Et puis nous discutions de choses et d’autres. J’ai une certaine
culture dans la mesure où je m’intéresse à beaucoup de choses, et
elle semblait apprécier ma conversation.
Enfin, c’est avec un profond soulagement que je vis arriver le café,
ma souffrance arrivait à son terme.
Nous
nous sommes dirigés vers sa chambre, et à peine entrés, je lui ai
dit que je n’en pouvais plus et je lui ai demandé de bien vouloir
me libérer pour aller aux toilettes. Elle me sourit et me dit que
j’avais formulé ma demande très poliment, ce qui était bien, mais
vu ma position, la moindre des choses était que je la formule à
genoux. Vu l’état dans lequel j’étais, je me suis aussi tôt exécuté,
tombant littéralement à genoux, les mains jointes et suppliant d’être
libéré. J’espérais bien être exhaussé, mais à mon désarroi, elle
me demanda à la place “un petit service”.

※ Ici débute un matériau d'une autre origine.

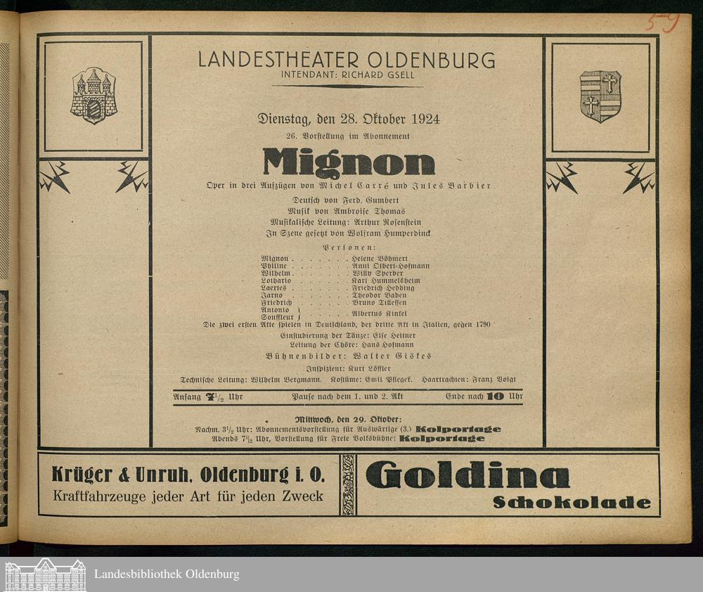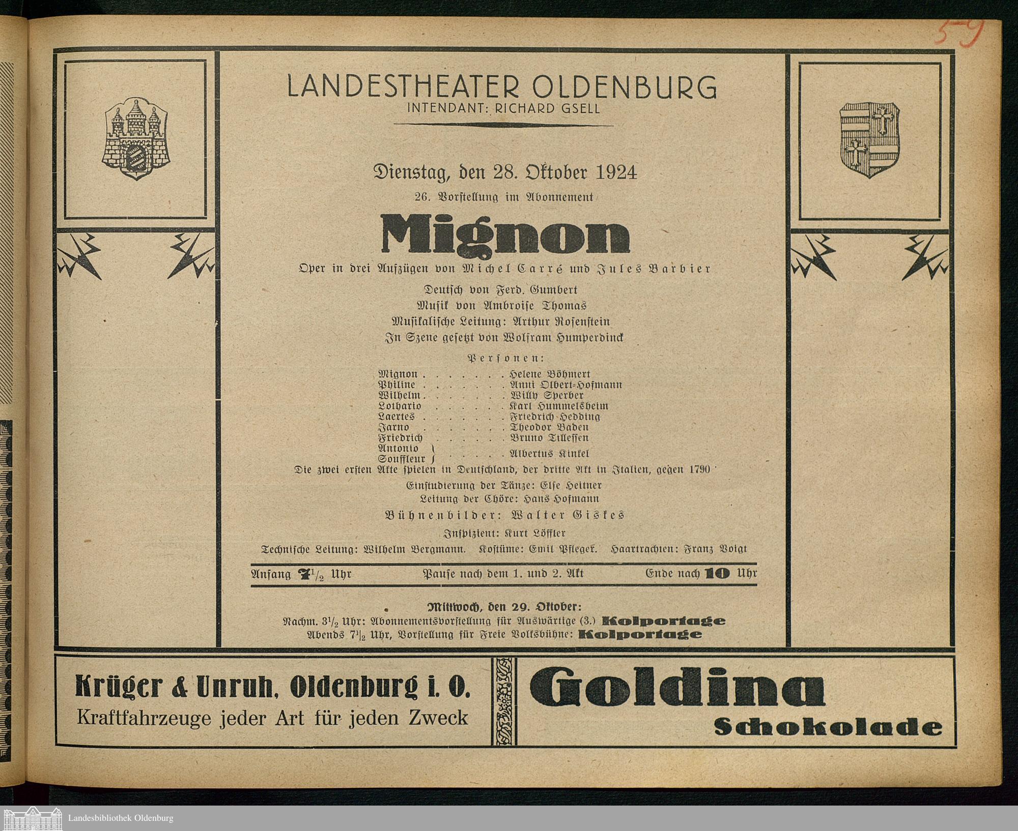 28.10.1924 - Michel Carré und Jules Barbier: Mignon.

Elle avait oublié une serviette dans sa voiture et me demandait
d’aller lui chercher. Encore à genoux, j’ai répondu que ça pouvait
attendre que je me sois libéré de mes tourments et que je n’étais
pas sûr de tenir jusqu’à la voiture. C’est sur un ton sévère qu’elle
me répondit que j’étais une véritable lavette prête à abandonner
dès la première difficulté, que devais me rendre compte qu’il y
avait un monde entre mes fantasmes et ma capacité à les faire vivre,
qu’elle perdait sa journée et que je n’étais vraiment pas reconnaissant..
Piqué au vif, malgré cette douleur au ventre, je me suis levé et
je lui ai demandé où était sa voiture. Elle me tendit les clés en
indiquant que c’était la Jaguar grise garée au fond du parking.
Je lui ai demandé alors si elle n’avait pas peur que je parte avec
une aussi belle voiture. Comme réponse, j’eus droit à : “il y a
quelques secondes tu ne pouvais pas y aller, et maintenant tu te
sens capable de faire un tour avec ? Reviens vite, sale gosse !”.
C’est tout penaud que j’y suis allé. Je devais avoir une drôle de
démarche, et c’est en marchant le plus vite possible que je me suis
rendu à la voiture. Je n’ai pas trouvé la serviette là où elle m’avait
indiqué l’avoir laissée. J’ai cherché un peu partout et je commençais
à paniquer en ne la trouvant pas. Je ne m’imaginais pas revenir
sans la serviette, d’autant qu’elle pourrait me renvoyer la chercher.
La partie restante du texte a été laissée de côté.